§ WORK TO COMPLETE:
Output the listing below exactly, minus its images.

§ RECORDED INFORMATION:
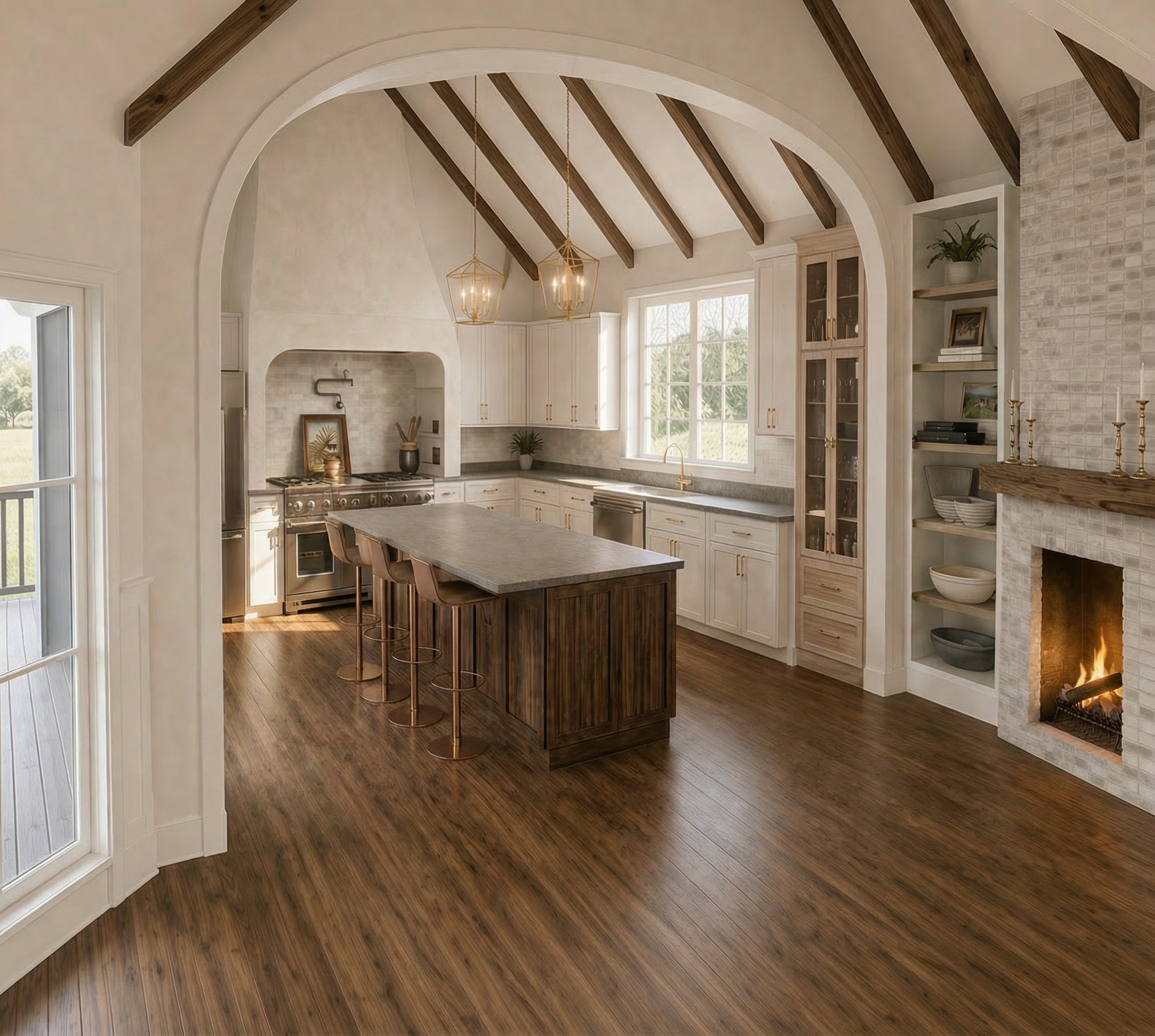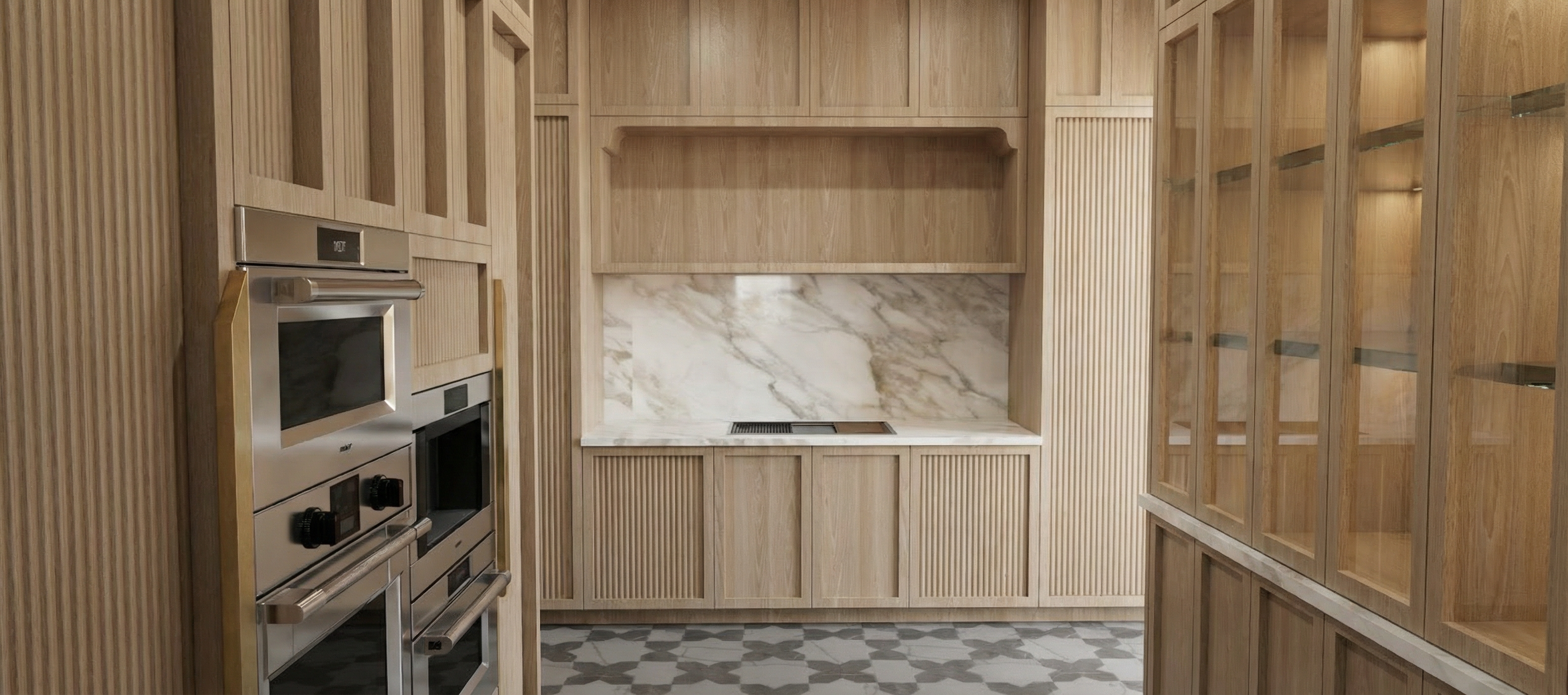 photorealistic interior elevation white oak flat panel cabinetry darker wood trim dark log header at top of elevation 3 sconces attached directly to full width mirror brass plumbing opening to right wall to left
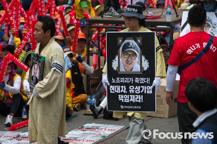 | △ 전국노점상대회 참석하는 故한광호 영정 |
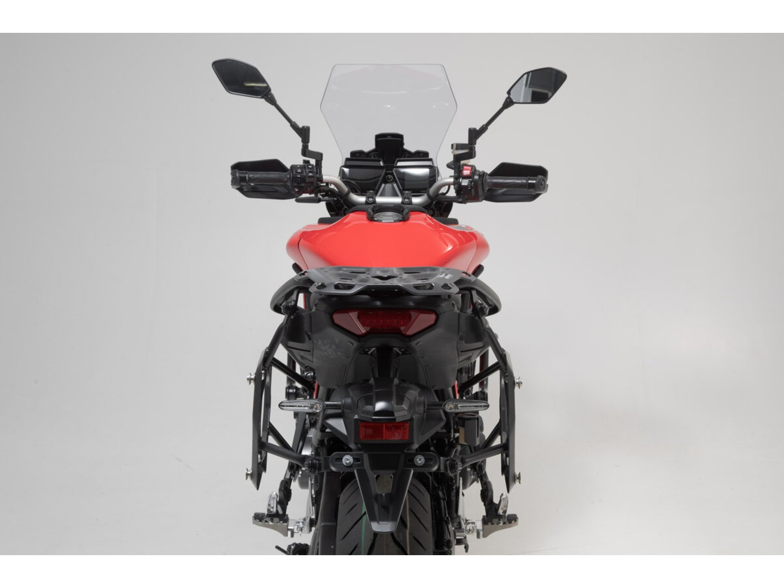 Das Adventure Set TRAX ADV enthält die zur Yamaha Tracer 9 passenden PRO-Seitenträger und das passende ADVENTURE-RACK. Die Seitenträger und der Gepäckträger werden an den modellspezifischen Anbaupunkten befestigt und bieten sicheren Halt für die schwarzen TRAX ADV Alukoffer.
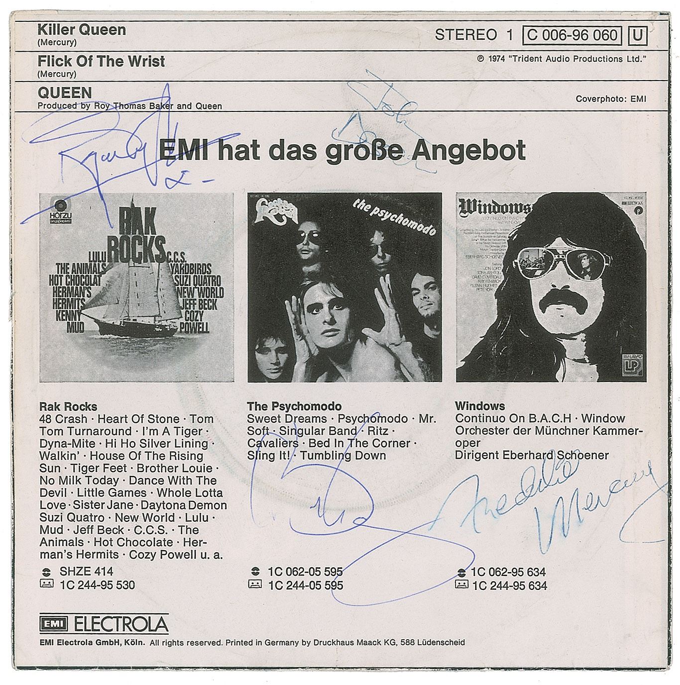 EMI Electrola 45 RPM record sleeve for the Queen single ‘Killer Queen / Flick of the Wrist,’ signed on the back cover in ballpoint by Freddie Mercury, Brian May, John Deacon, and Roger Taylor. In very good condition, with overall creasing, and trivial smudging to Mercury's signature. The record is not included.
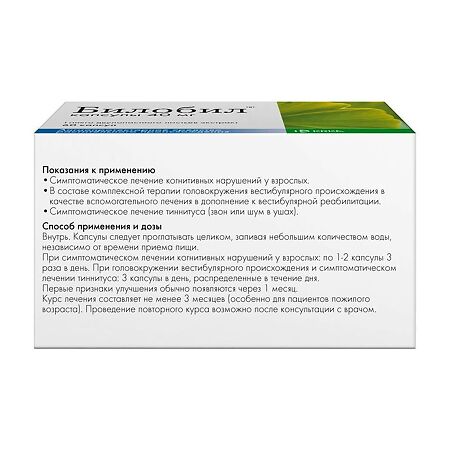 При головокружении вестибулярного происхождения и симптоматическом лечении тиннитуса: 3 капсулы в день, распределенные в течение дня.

§ SOLUTION:
 photorealistic interior elevation white oak flat panel cabinetry darker wood trim dark log header at top of elevation 3 sconces attached directly to full width mirror brass plumbing opening to right wall to left
 | △ 전국노점상대회 참석하는 故한광호 영정 |
 Das Adventure Set TRAX ADV enthält die zur Yamaha Tracer 9 passenden PRO-Seitenträger und das passende ADVENTURE-RACK. Die Seitenträger und der Gepäckträger werden an den modellspezifischen Anbaupunkten befestigt und bieten sicheren Halt für die schwarzen TRAX ADV Alukoffer.
 EMI Electrola 45 RPM record sleeve for the Queen single ‘Killer Queen / Flick of the Wrist,’ signed on the back cover in ballpoint by Freddie Mercury, Brian May, John Deacon, and Roger Taylor. In very good condition, with overall creasing, and trivial smudging to Mercury's signature. The record is not included.
 При головокружении вестибулярного происхождения и симптоматическом лечении тиннитуса: 3 капсулы в день, распределенные в течение дня.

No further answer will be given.